A parlare davanti a un uditorio di studenti di una scuola di moda si ha sempre il timore di essere sorpassati in spregiudicatezza dall’uditorio. Invece bastano poche domande per capire che tra i giovani che le frequentano il timore maggiore è quello di allontanarsi dal senso comune, dall’idea accettabile, dalla routine creativa che propone prodotti già digeriti dai mercati, ultimi giudici di qualsiasi proposta. È lo stato della moda attuale: dovrebbe essere pronta a rompere gli schemi proprio perché per sua natura è contraria a un passato che torna con i suoi incubi – nazionalismi, populismi, razzismi, intolleranze culturali – ma si blocca sulla soglia del timore che attanaglia i giovani di scostarsi dalle finte sicurezze che, mentre li strangola nella culla, il sistema attuale continua a proporre come unica realtà possibile. «Come si fa a proporre il nuovo se poi il mercato non accetta la proposta?». «Chi potrà mai produrre la mia linea se non corrisponde alle regole del marketing che governa creatività e mercato?». Preoccupazioni reali che ne sottendono una più grave e più taciuta: «Come farò a diventare famoso se non vado a lavorare in uno dei marchi storici che governano l’immaginario e il mercato?».
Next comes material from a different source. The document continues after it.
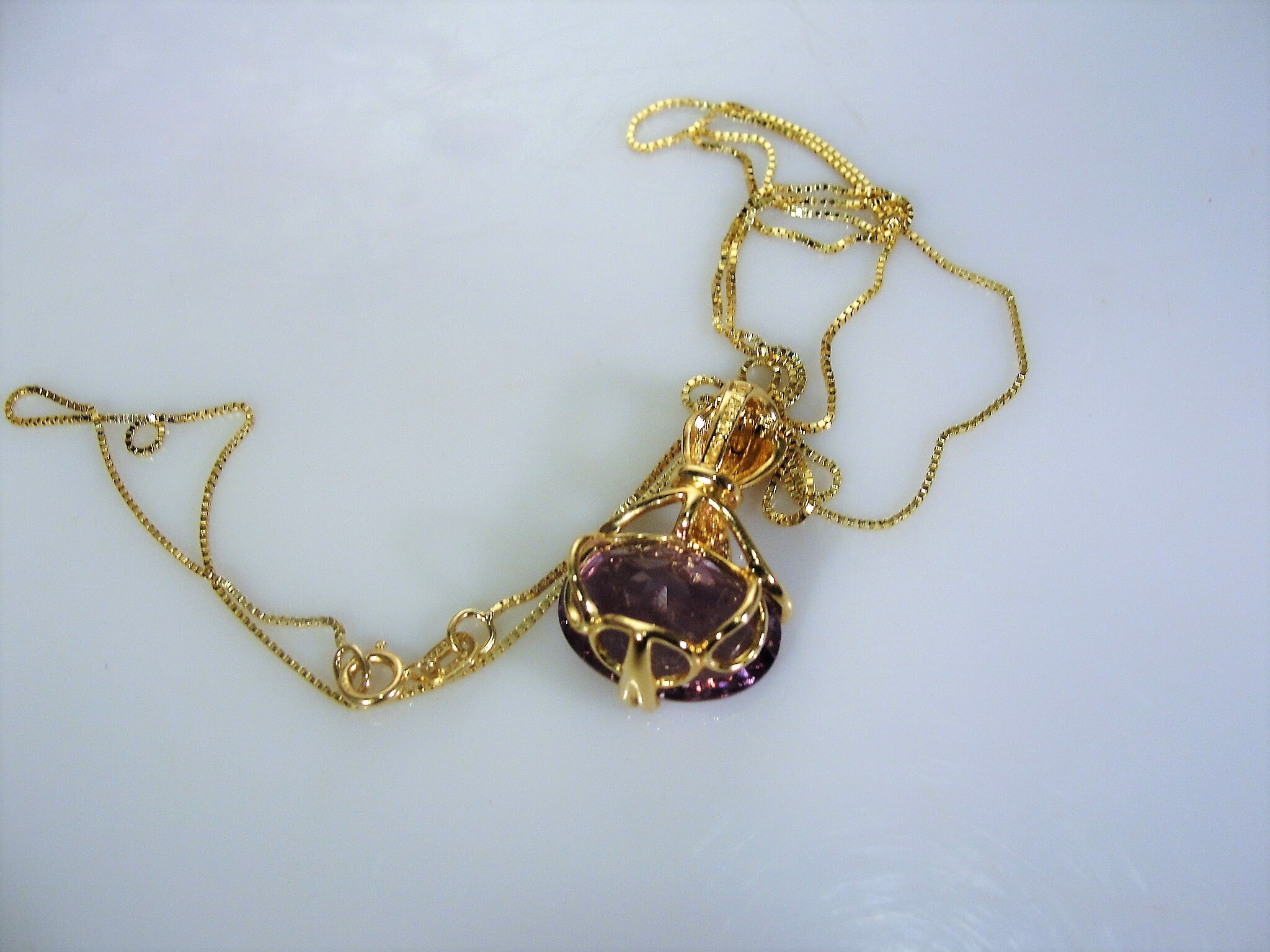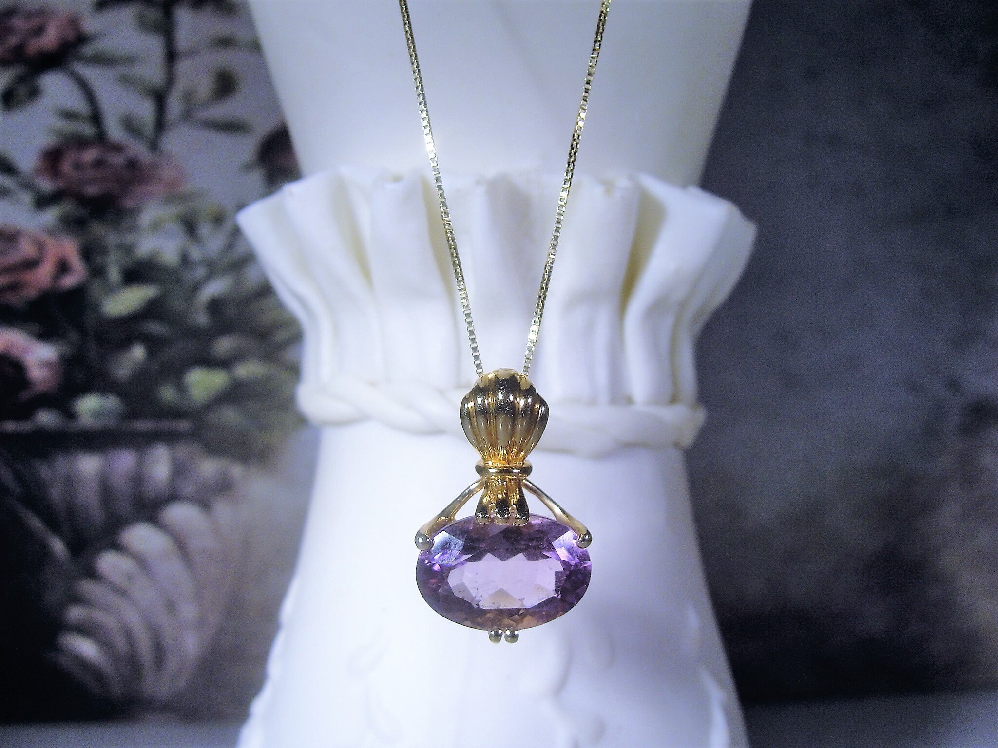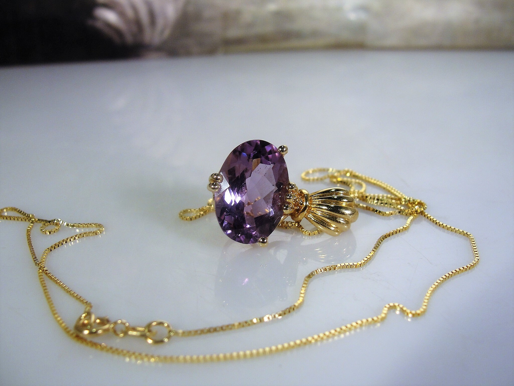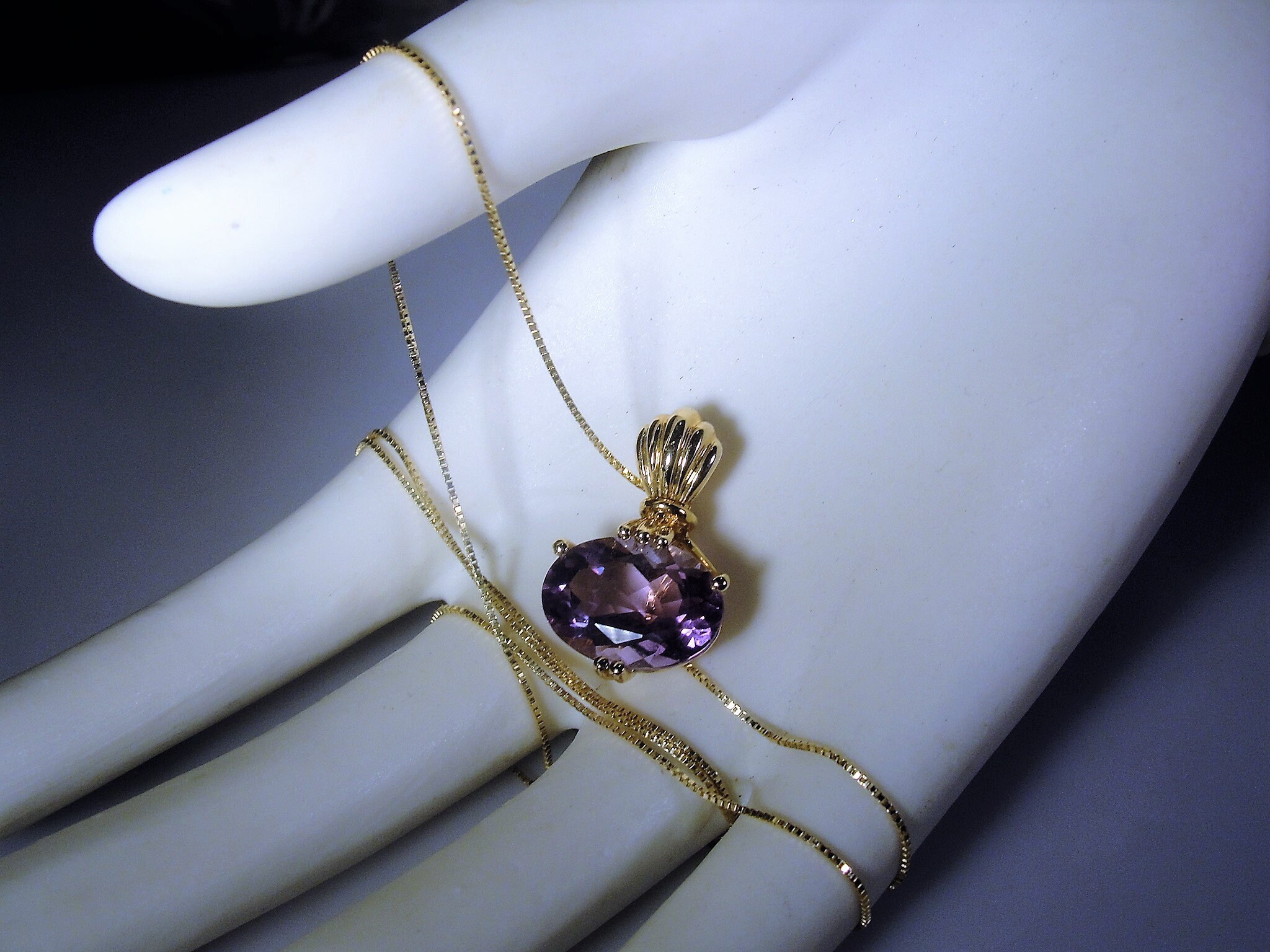 This is a gorgeous 3 Carat Purple Amethyst Necklace that is done in 14K Gold. This pendant has a nice intricate basket setting with 4 prongs to hold this beautiful Amethyst Gem securely in place. The color of the Amethyst is a medium purple with flashes of lighter purple. Just a stunning presentation when worn. The bail is a wonderful shell shaped bail that enhances the richness of the mounting. The prongs are placed in such a way that they become part of the Art Deco Motif of this pendant. The Gem is an oval faceted genuine Amethyst that is set sideways in the mounting. Just beautifully made and a lovely nice weighted 20 inch chain is also provided with this necklace.
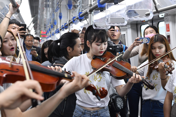 當(dāng)日,在合肥軌道交通2號(hào)線車廂,“好一朵美麗的茉莉花”伴隨著一首清脆小提琴合奏《茉莉花》的音樂聲,一場文化藝術(shù)秀正在精彩上演。

Si potrebbe rispondere che non è necessario diventare famosi se si disegnano dei vestiti, ma sarebbe troppo. La storia della moda, però, potrebbe dare degli esempi di rotture traumatiche del sistema, episodi di anarchia che appaiono insospettabili perché oggi sono simboli dell’establishment che servono a capire perché nella moda i grandi cambiamenti sono sempre nati dalla rottura traumatica di uno schema sicuro. Nel 1902 Charles Frederich Worth, l’inventore della Haute Couture, licenziò in tronco il sarto Paul Poiret che lavorava per lui perché la principessa russa Olga Bariantinsky, che era a Parigi per rinnovare il guardaroba, svenne urlando «Orrore!» quando il giovane sarto le fece provare un cappotto senza il regolare bustier interno che, secondo lui, rendeva innaturale il portamento femminile. Convinto di essere nel giusto, Poiret poteva salvarsi chiedendo scusa, ma uscì dall’atelier del suo maestro e indebitandosi fondò la sua Maison. È passato alla storia come il sarto che ha liberato le donne dai bustini. Nel 1916, una giovane avventuriera che cercava la sua fortuna fece scandalo sulla spiaggia di Biarritz perché era vestita con i pantaloni maschili. Quattro anni dopo, la stessa ragazza era a Parigi per presentare un’intera collezione di tailleur di jersey e fu accusata di volere vestire le donne come le segretarie. Andando contro tutto e contro tutti, quella giovane donna è diventata Coco Chanel. Nel 1947, un tale Christian Dior ha pensato che l’unico modo per farsi accettare come sarto era proporre una moda che non c’era.

E ha inventato il New Look. Oggi ci appare un’intuizione meravigliosa, visto che è ancora copiato, ma all’epoca il suo autore ha dovuto sopportare anche gli insulti di chi l’accusava di consumare 15 metri di stoffa per la gonna a ruota e 25 metri di raso di seta per i suoi abiti da sera. Per non parlare delle accuse dei mariti contrari alla «licenziosità dei giacchini corti che scoprono i fianchi». A proposito di finanziamenti, invece, basti pensare che Yves Saint Laurent e Pierre Bergé non avevano neanche un franco in tasca quando hanno deciso di fondare il loro marchio. Il primo era chiuso in ospedale con un esaurimento nervoso di ritorno dalla guerra in Algeria e il secondo si è fatto prestare i soldi da un americano. Li davano per spacciati, ma contro ogni previsione sono ancora oggi due miti della moda.